Let's go over the solution. First I've written a parse function. The different passwords are separated by an empty line, so that will be two newline characters. The fields in the passport are separated by either space or newline. I replaced the newlines with spaces and then split on spaces. I googled for a replace function, but could find anything, luckily in Haskell you can write such a function easily yourself. Lastly, the fields are split into a key and value on a colon. The init is to remove a last empty passport.
replace r b input = map repl input where repl c = if c == r then b else c
parse = init .
(map (map (splitOn ":"))) .
(map (splitOn " ")) .
(map (replace '\n' ' ')) .
splitOn "\n\n"We now have a list of passports, which consist of a list of fields, which consist of a list with a key and value. Our solution is to filter over all the passports. For each passport check if there are 7 fields after filtering out our optional 'cid' field. The length of the resulting list is our answer.
checkCountryId (key:value:[]) = key /= "cid"
isValid = ((==7) . length ) . (filter checkCountryId)
solve1 checks = length . filter isValid . parseThis gave me the correct answer for part 1, thus so far quite simple, although I took way more time than I had hoped because I had to google all the syntax and had problems finding the replace function.
Part 2
For the second part, we have to check all the fields against certain conditions. I changed my current code into something more generic where I could provide a list of filters. With this, I could filter out the optional field, but also filter invalid fields. If one of the fields would be invalid this would lead to a count of fields less than 7.
checkCountryId (key:value:[]) = key /= "cid"
isValid checks xs = ((==7) . length ) $
foldr filter xs checks
solve checks = length . filter (isValid checks) . parse
solve1 = solve [ checkCountryId ]To check every filter I use the foldr function which loops over a list (in this case the list of filters), it starts with one input (in this case our fields) and applies the provided function on the input, the output of that function is the input for the next iteration
For solving part 2, I wrote filter functions for all the fields. Again this took way more time because I had to lookup everything. But in the end, we have a working solution with generic code for part 1 and 2, just as I like it.

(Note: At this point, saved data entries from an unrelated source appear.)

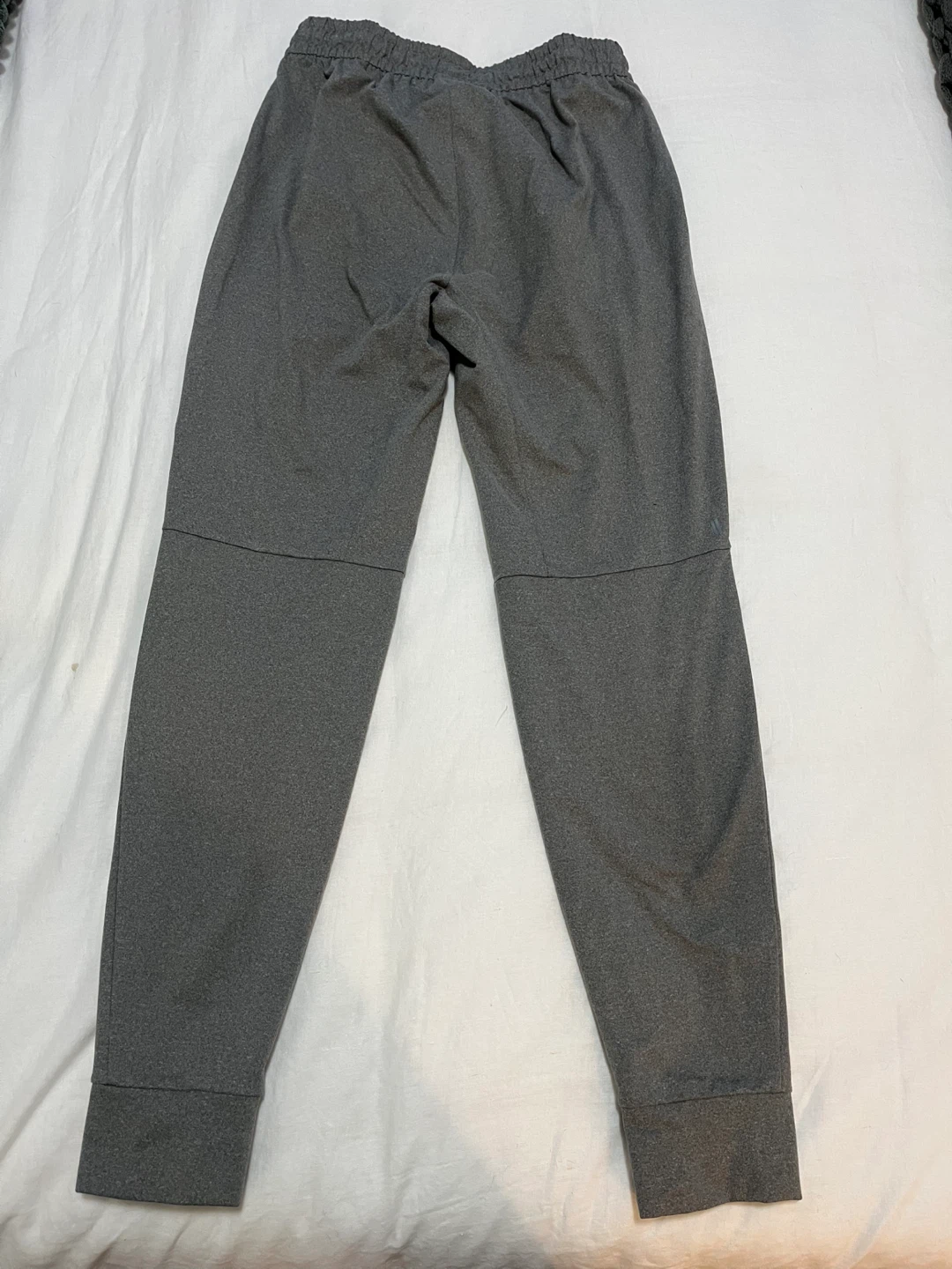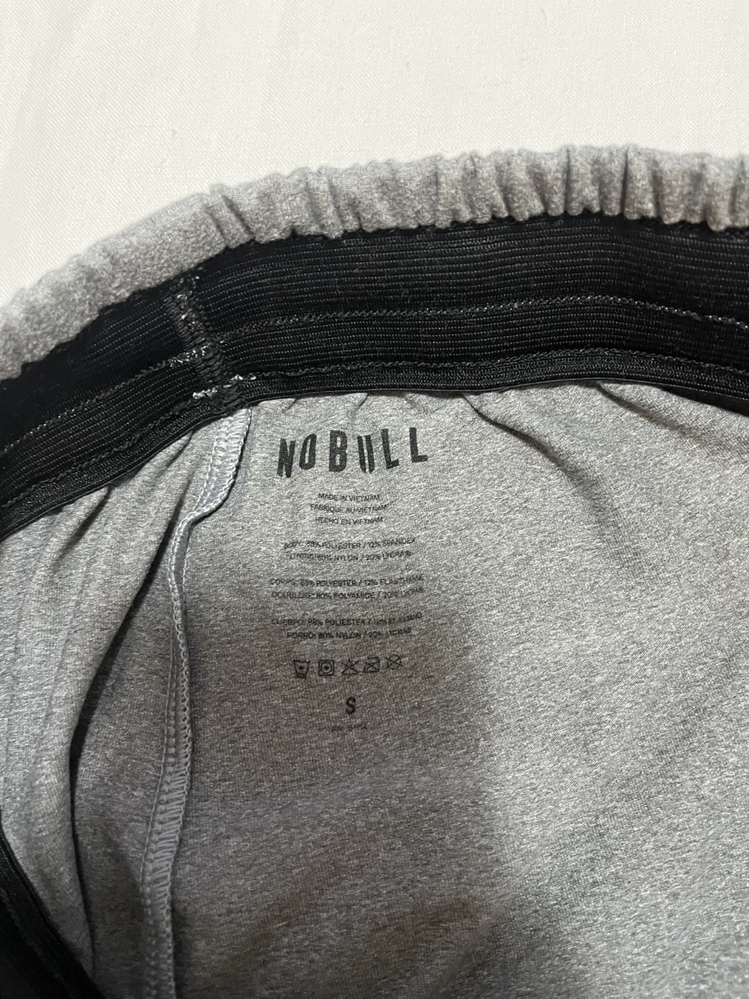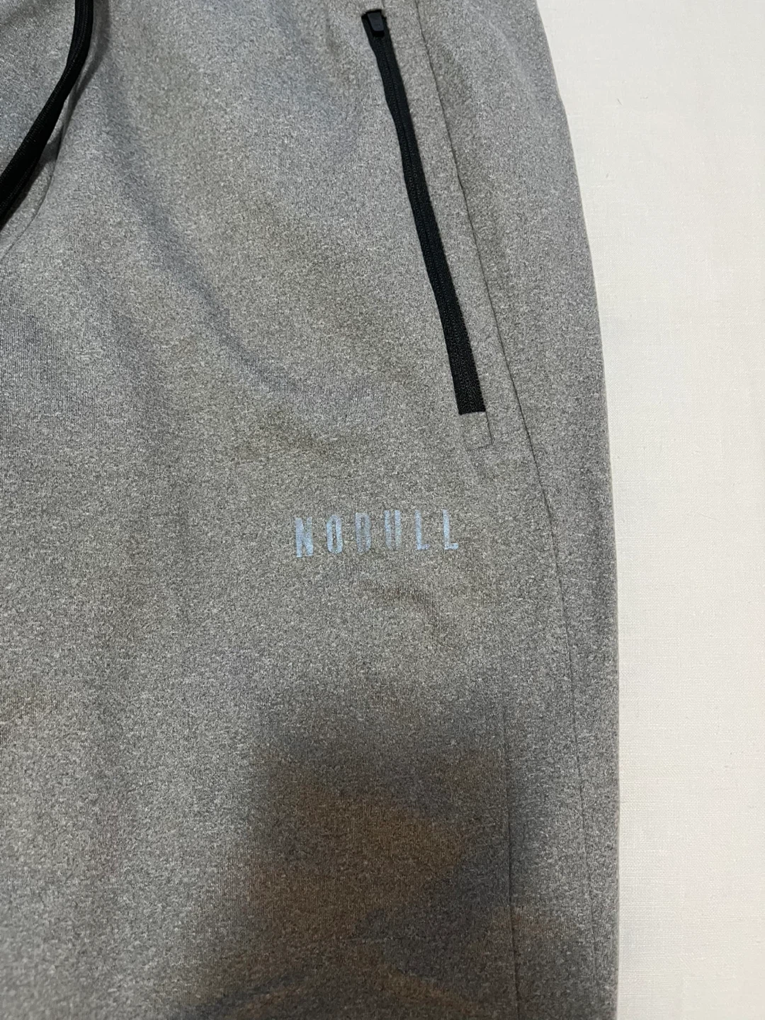 Grey NOBULL jogger pants. Made with 90% polyester and 10% spandex. They feature zippered pockets and an elastic waistband with a drawstring. Perfect for activewear or casual wear!
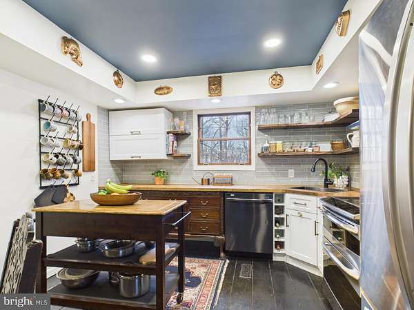 - Breakfast Area, Carpet, Ceiling Fan(s), Combination Kitchen/Dining, Dining Area, Eat-In Kitchen, Entry Level Bedroom, Exposed Beams, Family Room Off Kitchen, Pantry, Recessed Lighting, Store/Office, Table Space Kitchen, Traditional Floor Plan, Tub Shower Bathroom, Upgraded Countertops, Wood Floors, Wood Stove
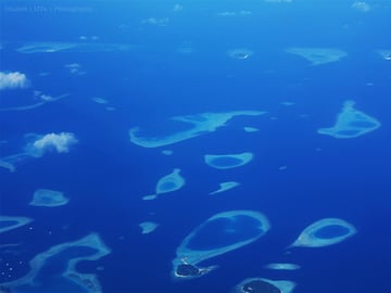 Lens choice is important when shooting the tropics from above. Which lens you choose really depends on what you want to achieve. A wide angle lens is great for including the wing of the plane as a additional interest, while a telephoto zoom lens will allow you to get in tight on the tropical setting. This may be better if you want to experiment with a wider range of focal lengths during your flight.
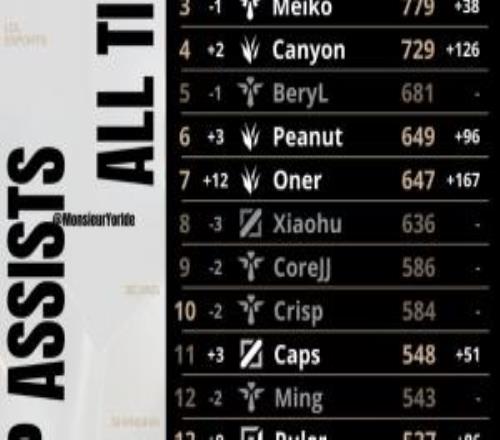 体育资讯11月6日报道宣称 今日外媒统计全球总决赛最新助攻榜,从数据来看,Faker、Keria选手有望在11月9日的决赛达成破千成就,而Keria选手也有望超越Faker选手来到助攻榜第一的位置。
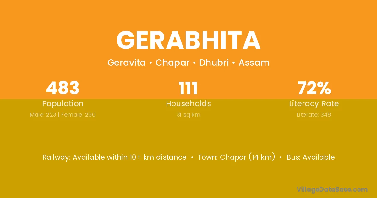 Chapar (14 km) is the nearest town to Gerabhita village for major economic activities and is located approximately 14 km away.
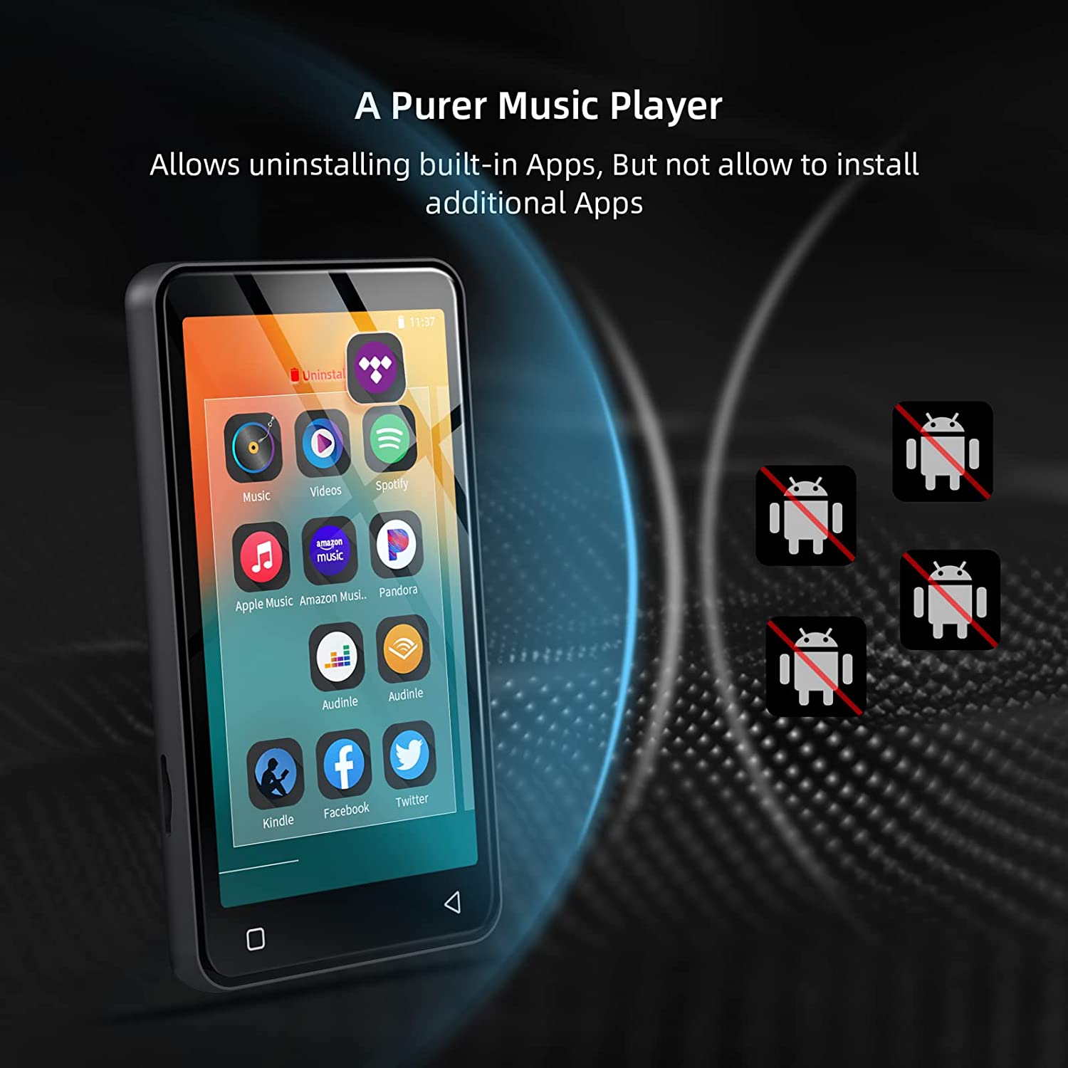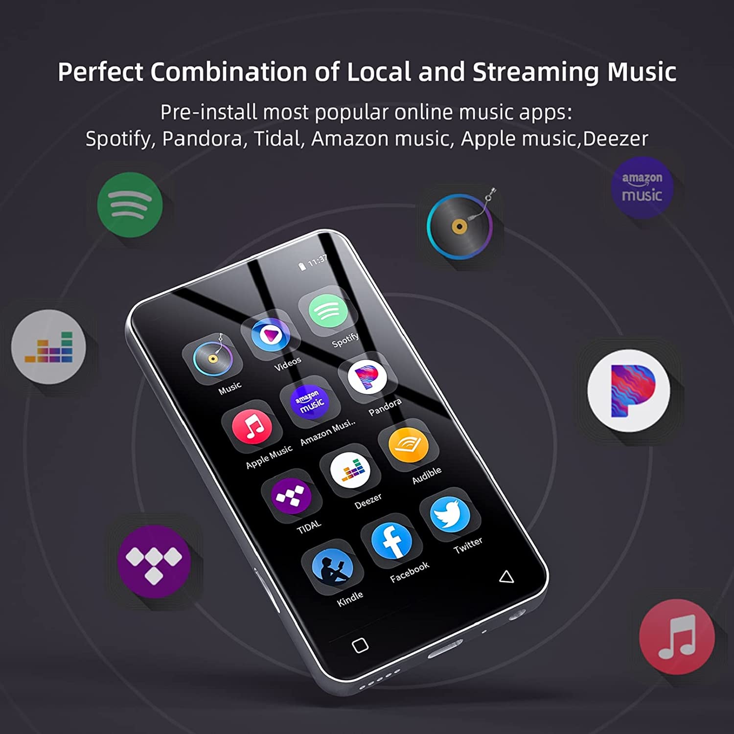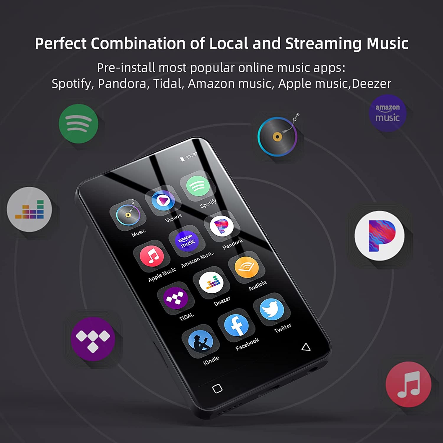 MP3 Player with Bluetooth and WiFi, 4" Full Touch Screen MP4 MP3 Player with Spotify, Android Streaming Music Player with Pandora, Portable HiFi Sound Walkman Digital Audio Player with Speaker (Black)
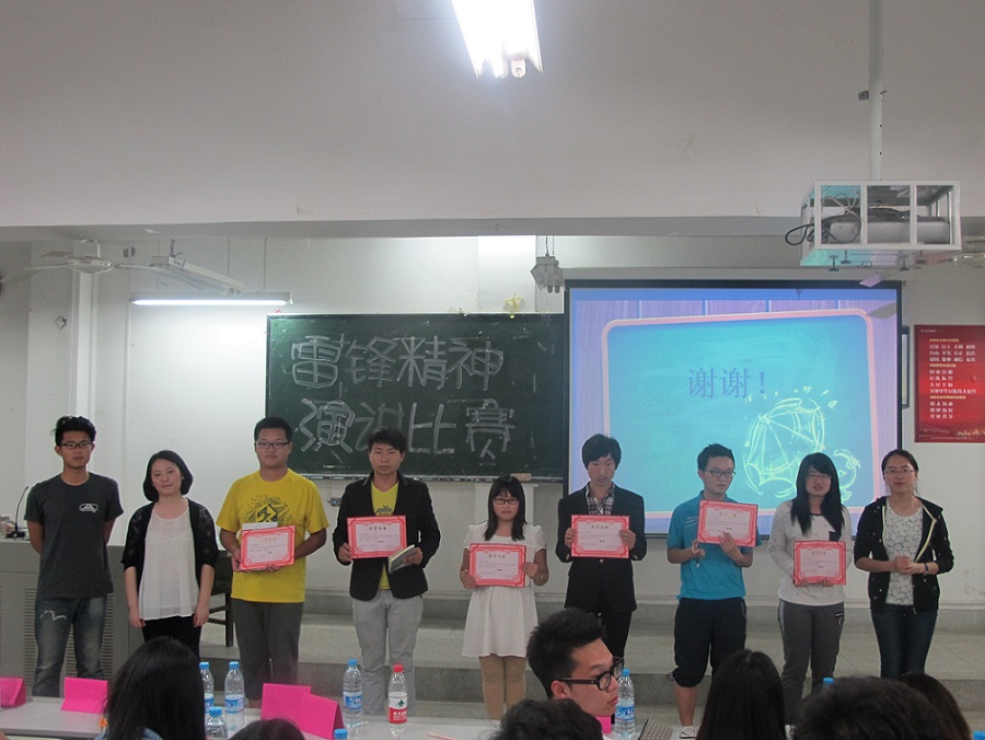 为更好的学习雷锋精神,在实践中传承雷锋精神,4月27日晚八点,化环学院团学联学习部在学院A106教室举行了“弘扬雷锋精神,雷锋在我心中”的主题演讲比赛决赛。 邀请了雷锋精神研究会前会长梅雅如学姐以及团学联主席吴�学长担任本次比赛评委
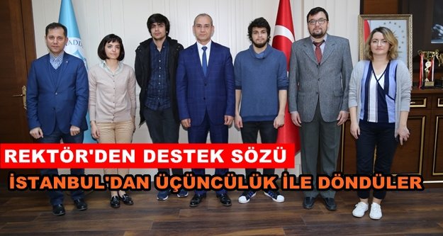 İnternet üzerinden takımlı oynanan oyunları (e-spor) bir araya getirmeyi amaçlayan çok platformlu uygulama projeleriyle yarışmaya katılan ve üçüncülük ile dönen öğrencileri, Bilgisayar Mühendisliği Bölüm Hocaları ile birlikte makamında kabul eden ALKÜ Rektörü Prof. Dr. Ahmet Pınarbaşı öğrencilerini ele ettikleri başarılarından dolayı tebrik etti.
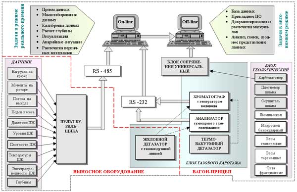 прием и оперативную обработку информации от датчиков технологических параметров бурения, расположенных на буровой;
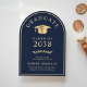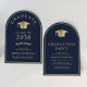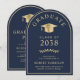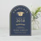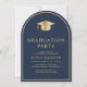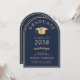 Elegante invitación de graduación universitaria azul en forma de arco e invitación a fiesta con una gorra de oro y una tipografía clásica de sérico dorado para el nombre del graduado, año de clase, universidad o universidad, grado y especialidad o honores. En la parte posterior, añada los detalles de su fiesta.
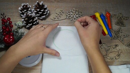 Провожу эксперимент с нанесением на канву рисунка восковыми карандашами
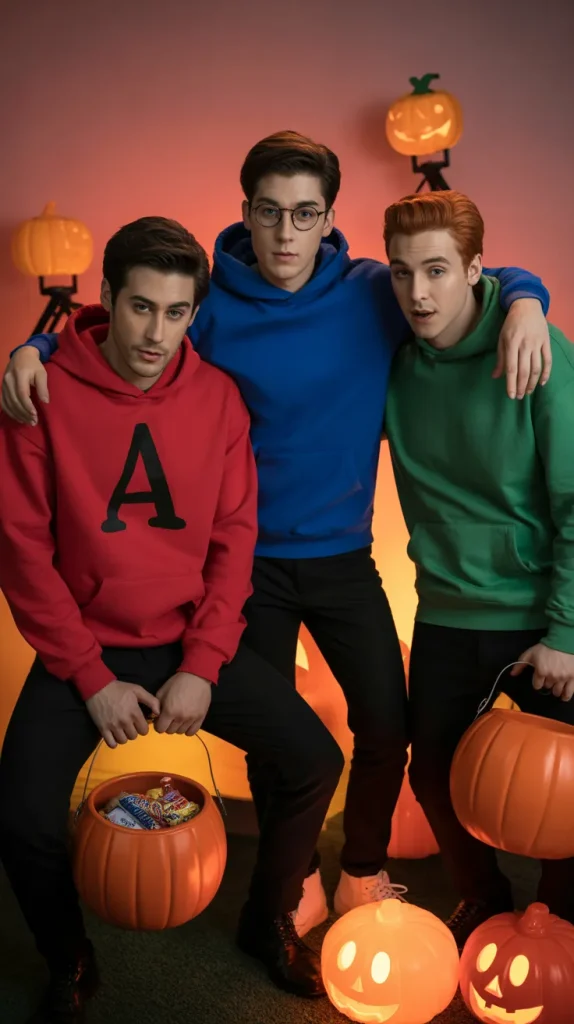 Talk about nostalgic fun The Chipmunks are always a win! With their colorful hoodies, glasses, and cheeky personalities, this 3 best friend halloween costumes idea is both comfy and adorable. You and your crew get to embody the playful chaos of Alvin, Simon, and Theodore, which makes for hilarious group photos. Bonus: add giant candy buckets to tie in the Halloween vibe. πΆ Youβll have people humming βChristmas Donβt Be Lateβ even though itβs spooky season.
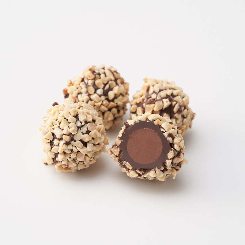 夾心 榛果醬巧克力,119元:覆蓋杏仁碎的巧克力包裹著香甜滑順榛果內餡,層次溫醇雅緻。
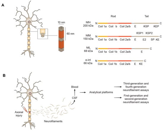 - Khalil, M.; Teunissen, C.E.; Otto, M.; Piehl, F.; Sormani, M.P.; Gattringer, T.; Barro, C.; Kappos, L.; Comabella, M.; Fazekas, F.; et al. Neurofilaments as biomarkers in neurological disorders. Nat. Rev. Neurol. 2018, 14, 577–589. [Google Scholar] [CrossRef] [PubMed]
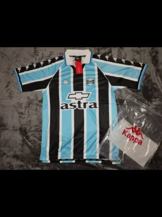 Camiseta de fútbol retro del Gremio, talla L. Diseño clásico con las icónicas rayas verticales. - Marca Kappa. - Detalles de diseño en las mangas. - Incluye etiqueta original.
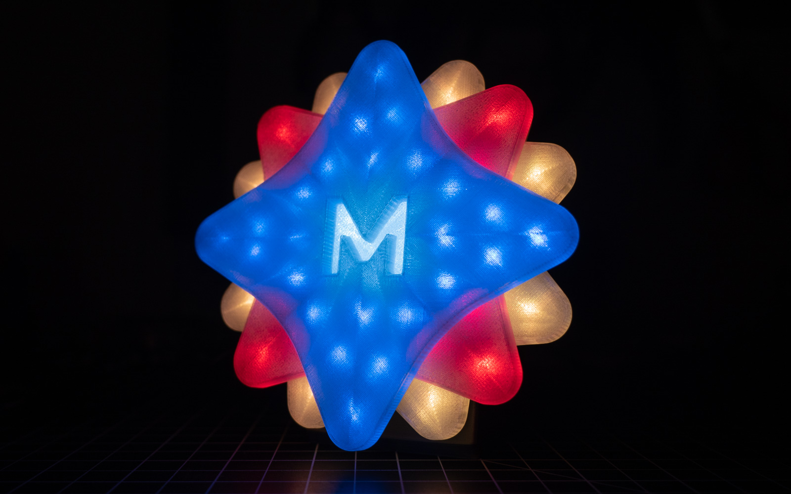 The MetaLab logo is a compass rose with 16 points, and an "M" in the center. I decided the new project would be a desk ornament of the logo, where the color of each point was controllable via Bluetooth and a mobile app.
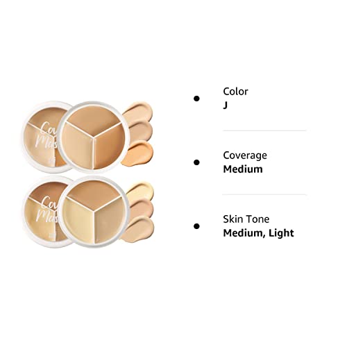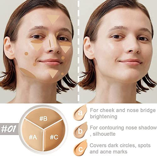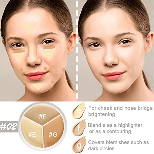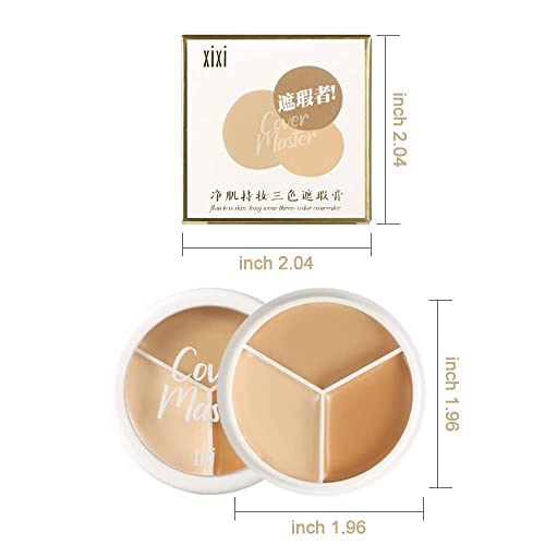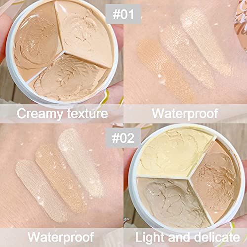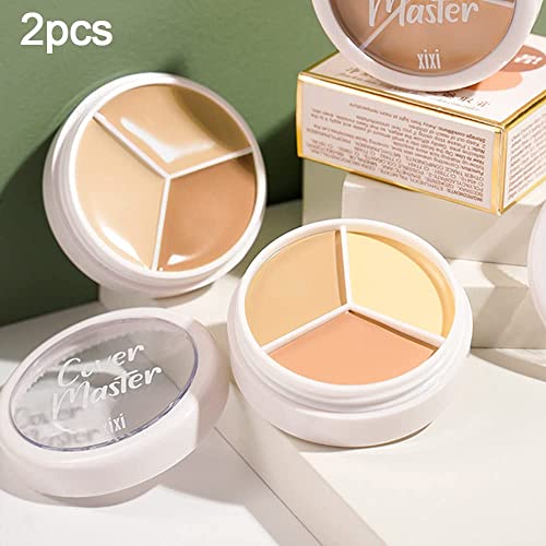 Pro 2pcs Tri-color Face Concealer Contour Palette.Demi Beige Color Correct Cream Foundation Palet.Natural Ivory Cream Makeup Plate Waterproof

between l h i = l <= i && i <= h
parsedNumberBetween l h value = go l h parsedMaybe where
parsedMaybe = readMaybe value :: Maybe Int
go _ _ Nothing = False
go l h (Just val) = between l h val
checkBirthYear (key:value:[]) = key /= "byr" || parsedNumberBetween 1920 2002 value
checkIssueYear (key:value:[]) = key /= "iyr" || parsedNumberBetween 2010 2020 value
checkExpirationYear (key:value:[]) = key /= "eyr" || parsedNumberBetween 2020 2030 value
checkHairColor (key:(ht:clr):[]) = key /= "hcl" || (ht == '#' && all (\x -> elem x "0123456789abcdef") clr)
checkEyeColor (key:value:[]) = key /= "ecl" || value `elem` ["amb", "blu", "brn", "gry", "grn", "hzl", "oth"]
checkPassportId (key:value:[]) = key /= "pid" || (all isDigit value && length value == 9)
checkHeight (key:value:[]) = key /= "hgt" || (unit == "in" && between 59 76 val) || (unit == "cm" && between 150 193 val) where
parts = splitAt ((length value) - 2) value
val = fromMaybe 0 $ (readMaybe $ fst parts :: Maybe Int)
unit = snd parts
checkEmpty = ((==2) . length)
solve2 = solve [ checkBirthYear, checkIssueYear, checkExpirationYear,
checkHeight, checkHairColor, checkEyeColor,
checkPassportId, checkCountryId ]Although this code actually describes what this problem is about. I found out by looking at other solutions that a way more simple approach would have been to check the validness of a passport by using regular expressions and just checked it as text. In that case, you would only have to split on the double newline. And filtered over the resulting list with a regex which might match or not. This could be implemented in a simple onliner (with a quite long regex.)
Happy with my solution, although I think it can be improved. But not too happy about how much time it took. Hoping for a better result for tomorrow.